Looking at the data, we find ourselves in yet another year (2023) where, although installed solar and wind capacity continues to grow and green investments surpass fossil fuel ones, CO₂ emissions still rise sharply – reaching 37.79 billion tons – while fossil fuels still account for 81% of total energy consumption, just as they did 40 years ago. What’s even more concerning is the absolute growth of fossil fuel use.

We should also question how many of these emissions come from the green industry itself. In China, for instance, steel and cement production is decreasing, but coal consumption continues to rise. China controls the global market for photovoltaic, wind, and battery production – a topic we’ve explored in our journal L’Astrolabio.
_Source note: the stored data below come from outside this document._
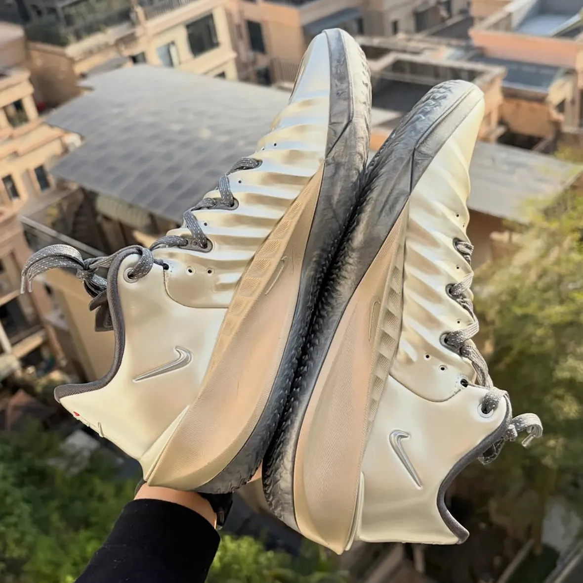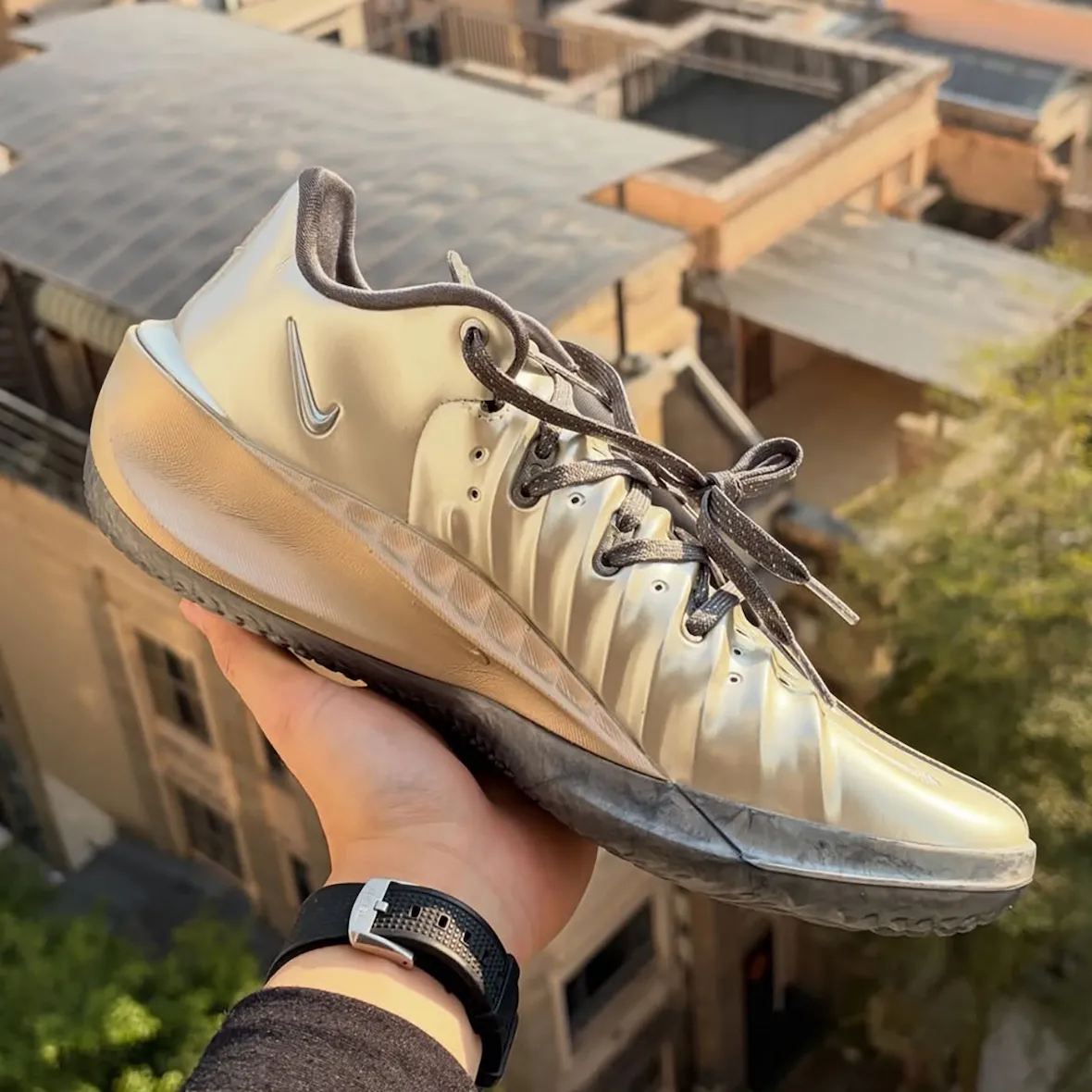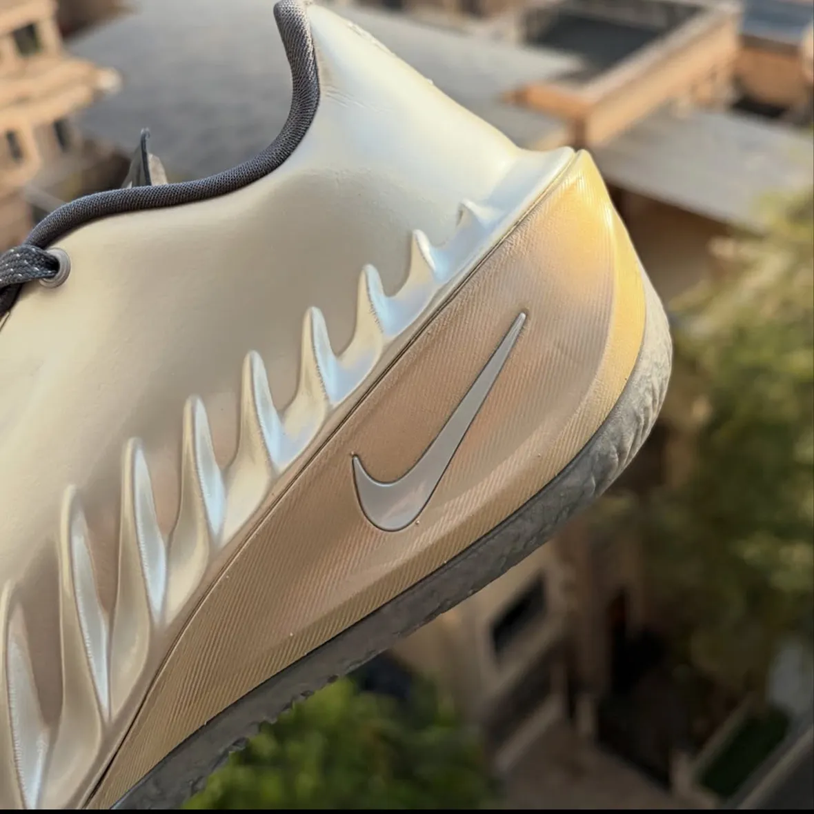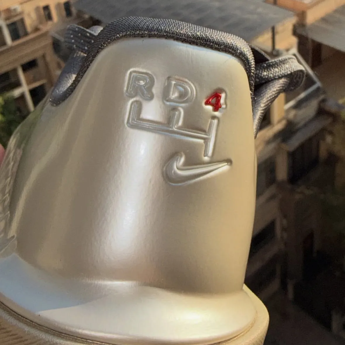 His Nike GT Cut 4 PE leans into a refined yet striking design. Metallic silver and gold tones dominate the upper, giving the shoe a polished look without losing its on-court edge. The color execution aligns with the GT Cut line’s recent direction, where bold finishes meet performance-driven construction. On the heel, the design gets personal. Dillingham’s “Rob With Da Shifts” branding appears through a gear-inspired logo that cleverly ties into his “RD4” nickname.
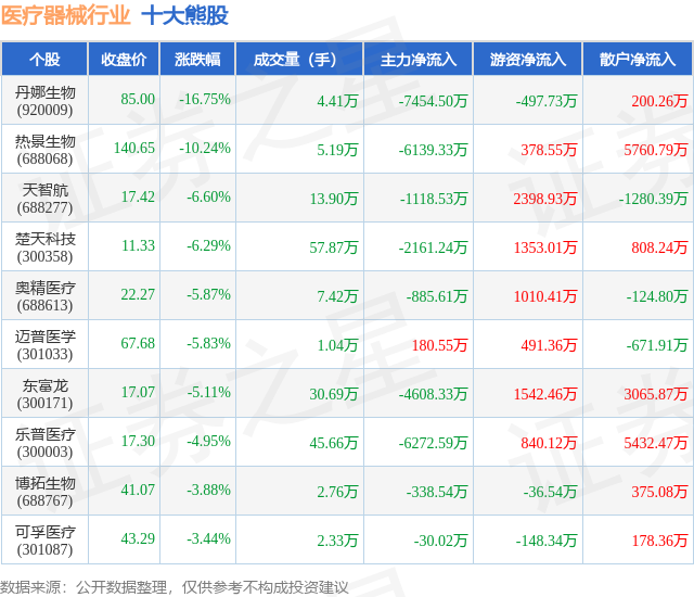 个股表现方面,医疗器械行业当日领跌股为丹娜生物(920009),该股当日报收85.0,下跌16.75%,成交量4.41万,主力资金净流出7454.5万元。热景生物(688068)以下跌10.24%紧随其后,该股当日成交量5.19万,主力资金净流出6139.33万元。除此之外,天智航(688277)、楚天科技(300358)、奥精医疗(688613)均进入当日熊股之列。具体个股列表见下表: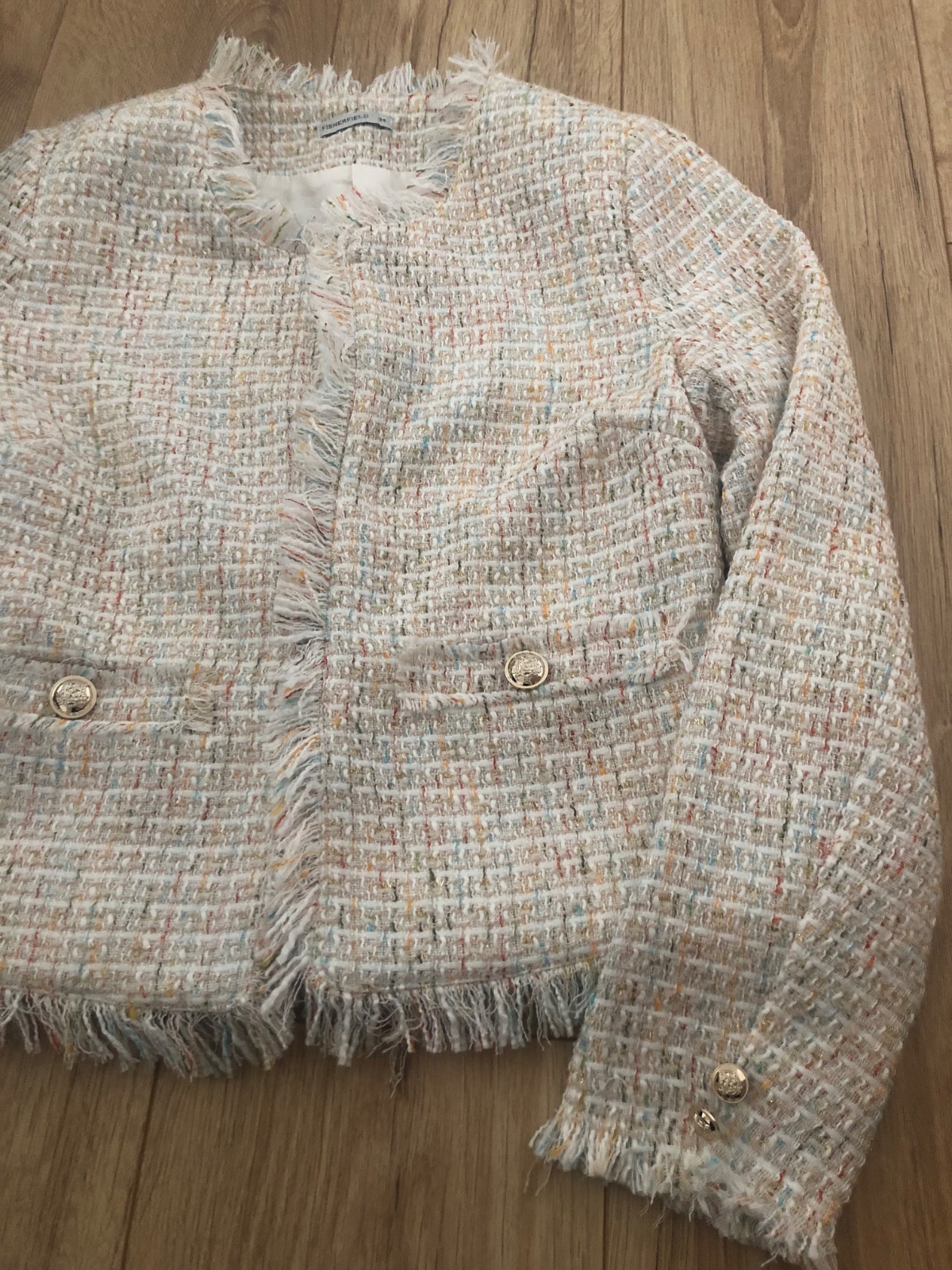 Sako velk.34 ale mne príde skôr 36, dĺžka 53, šírka pod pazuchami 44, dĺžka rukáva od ramena 60 top stav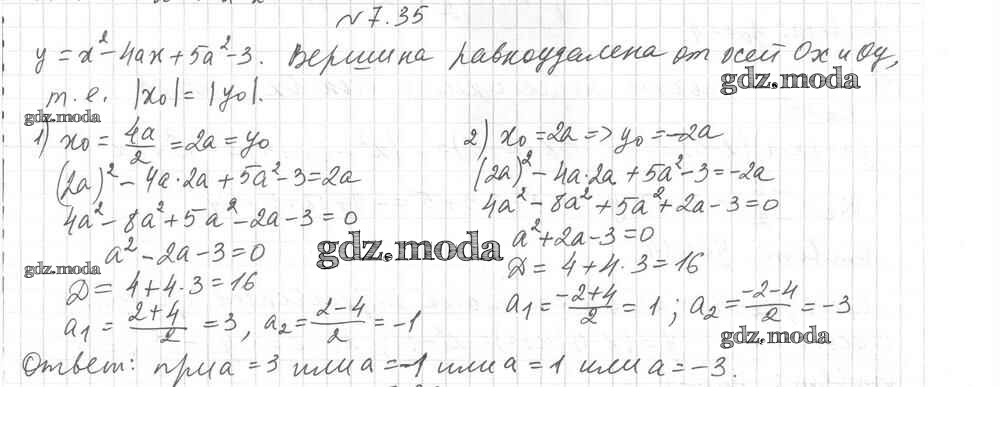ОТВЕТ на задание № 7.35 Учебник по Алгебре 9 класс Мерзляк Алгоритм успеха Углубленный уровень
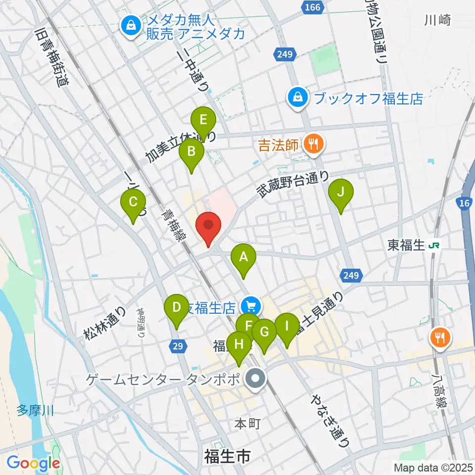 宮地楽器 福生センター周辺のコンビニエンスストア一覧地図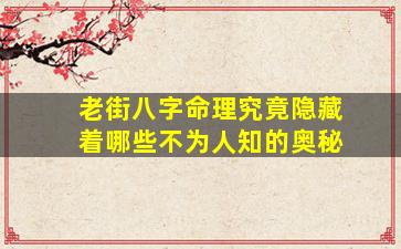 关于“老街八字命理”的奥秘,这一话题融合了传统文化、民俗信仰和现代人对命运的探索欲望。以下从历史背景、理论逻辑、争议点及文化意义等方面展开分析,供您参考:

As for Italy, during our XVI National Conference on Energy Efficiency, we analysed several indicators to assess progress towards the 2030 targets set in the National Integrated Energy and Climate Plan (PNIEC). For example, at the current pace, it would take 2,400 years to reach the 27% target for electrification, or 55 years to reduce the share of fossil fuels in the energy mix to 61% (currently around 80%). These numbers clearly illustrate the ineffectiveness of current policies, which have heavily relied on intermittent renewables like wind and solar. It is now evident that these technologies are not only failing to replace fossil fuels, but are also unable to meet growing energy demands. In fact, in 2023, global primary energy consumption rose by 2% compared to the previous year. While renewables did grow, their contribution increased by only 0.4%; the remaining 1.6% was met by fossil fuels. Meanwhile, energy bills for households and businesses continue to rise, largely due to subsidies for renewable sources – yet their overall impact remains marginal

We must have the courage to admit that this is not the right path to cut emissions. While emissions are decreasing in advanced economies, they are rising in developing countries. Europe now contributes only 7% of global emissions, and Italy just 0.7%. To effectively reduce global emissions, we must stop wasting resources on inefficient and costly renewable energy in Europe, and instead redirect investments toward the Global South—where access to energy is essential for achieving basic standards of well-being. 

 

* Monica Tommasi is the President of Associazione Amici della Terra.